Eventually I got myself up to swimming a kilometer (44 lengths) two or three times a week. I continued my Pilates and added a strength training class. I started spin classes; cycling is a great aerobic exercise and easy on my joints. I wasn’t going to let getting older derail me! But I hadn’t counted on an accident.

Out for a walk with friends one winter day, I slipped on the ice. Down I went on my left shoulder, breaking my humerus. I was loaded into an ambulance and whisked off to the ER. Then the long, painful journey to recovery began. Frustration and discouragement would eat away at me. Was I too old for such an active life or was my active life prematurely aging me?

Becca Levy, Ph.D., and her recent book, “Breaking the Age Code, How Your Beliefs About Aging Determine How Long and Well You Live,” came to my rescue. Levy is a professor of epidemiology and of psychology at Yale. The book details her many research studies that demonstrate how negative age beliefs dominate our culture and play a significant role in the development of many health problems. She also shares data and real-life examples that demonstrate how positive age beliefs can result in the extension of one’s life expectancy by 7.5 years.

Take a moment right now to think about your attitude toward aging. Try a simple activity that Levy gives her students: Quickly list five words or phrases that come to mind when you think of an older person.

(Pause and try it.)

How positive or negative is your list? Like many countries, the United States has a very ageist culture, so if your list is on the negative side, it’s probably because you have been bombarded with negative stereotypes.

Another interesting fact: the term “senior moment” was popularized by a Rochester Democrat and Chronicle columnist in 1997 in reference to someone who forgot his tennis score. To quote from Levy’s book, “Nearly 150 years ago, William James, the ‘father of American psychology,’ described the phenomenon as a gap in the mind ‘that is intensely active.’” It is not a neurological condition of age; memory lapses can and do occur at any age.

So, to combat ageism I choose to think of forgetfulness simply as a result of my having “too many balls in the air” or a lack of focus.

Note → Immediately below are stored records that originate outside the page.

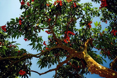 Compared to regular lychees, seedless lychee trees have relatively low yields. Their yield is estimated to reach around 40% of the yield of ordinary lychee trees. The fruit is listed on the market around the beginning of June, and is only available for 25 days. This year, the harvest is late due to coldness in early and late Spring. Most seedless lychees grow in pairs. They have a thin skin and firm flesh, with a high sugar content level.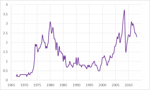 1967年一季度至2013年二季度,美國進(jìn)口汽油產(chǎn)品的美元價(jià)值占GDP的比重。數(shù)據(jù)來源于美聯(lián)儲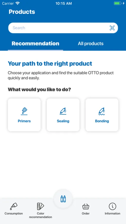 Colour recommendation: For a uniform appearance, the colour of the silicone sealant must always match the grout being used. The app now makes it possible to select your hard joint mortar (tile adhesive) in order to get a suitable colour recommendation for the OTTO sealant.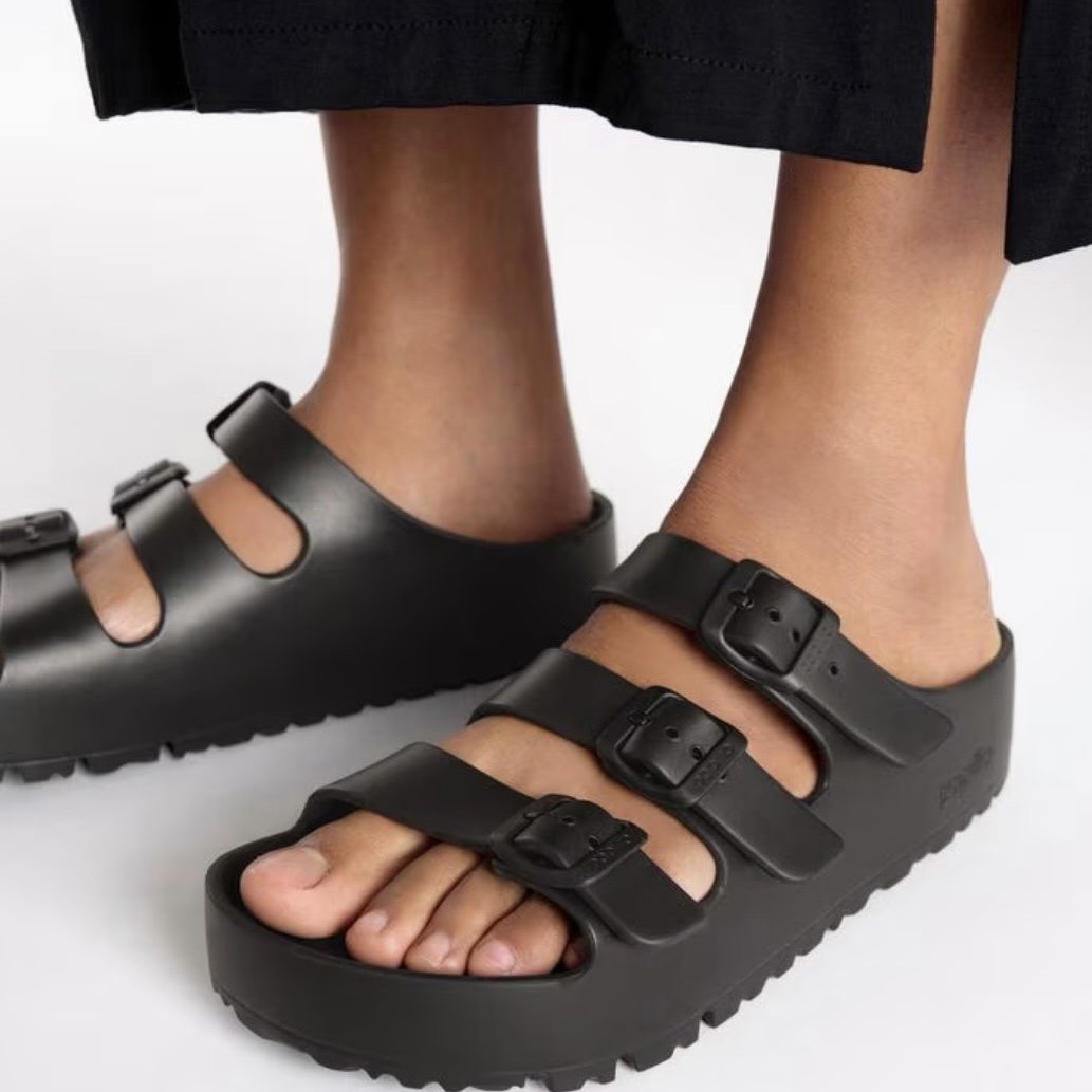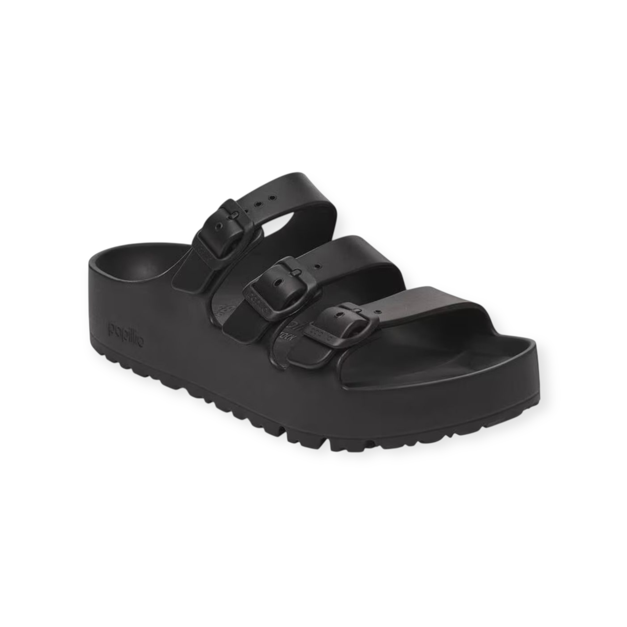 פלורידה Papillio משלב שניים מהסגנונות הקלאסיים ביותר של Birkenstock. עם שלושת הרצועות הקלאסיות מפלורידה וסוליית פלטפורמה מסוגננת עם קו עמוק במיוחד מה-Papillio, מובטח לך להישאר בנוחות ובסטייל כל היום.

I have a hearing loss not because I’m “old,” but because I have exceptionally narrow ear canals and had a bad ear infection resulting in tinnitus. I slipped on ice and broke my arm because in the pathway a puddle caused by the winter thaw the day before froze overnight. Even though my broken arm is fully healed and I can swim laps again, I continue my water walking because it is good exercise for my hips and legs, not because I am an old lady!

 

About Jeanne Strining

By Jane Eggleston

Jeanne Strining, a Rochester native who earned her bachelor’s degree at Tufts and her master’s at Wheelock College, returned to the Rochester area. In pursuing her vocation as a teacher, she was discouraged by the standard formulaic approach to teaching writing that led to dull results. But after taking a course in the writing workshop method, things changed. She found it exciting and it not only inspired her students but herself to write.

In 2020, Strining joined RIT’s Osher Lifelong Leaning Institute (Osher at RIT) and has found it a great opportunity to make new friends from varying backgrounds, to take interesting courses and to participate in the walking, travel and photography groups at Osher.

“Osher keeps me from getting into a ‘retirement rut.’ I have so many opportunities to learn new things and meet new people,” she said.

She has also found it a fantastic vehicle for pursuing her writing while teaching others.

Since the fall of 2021, she has led the course Writing Workshop in which she provides a short lesson in some aspect of writing, gives students time to write, then has them split up into small breakout groups to read their stories and receive helpful, positive feedback. She says that teaching older adults is the best because they have such interesting stories and perspectives, gleaned from a lifetime of living.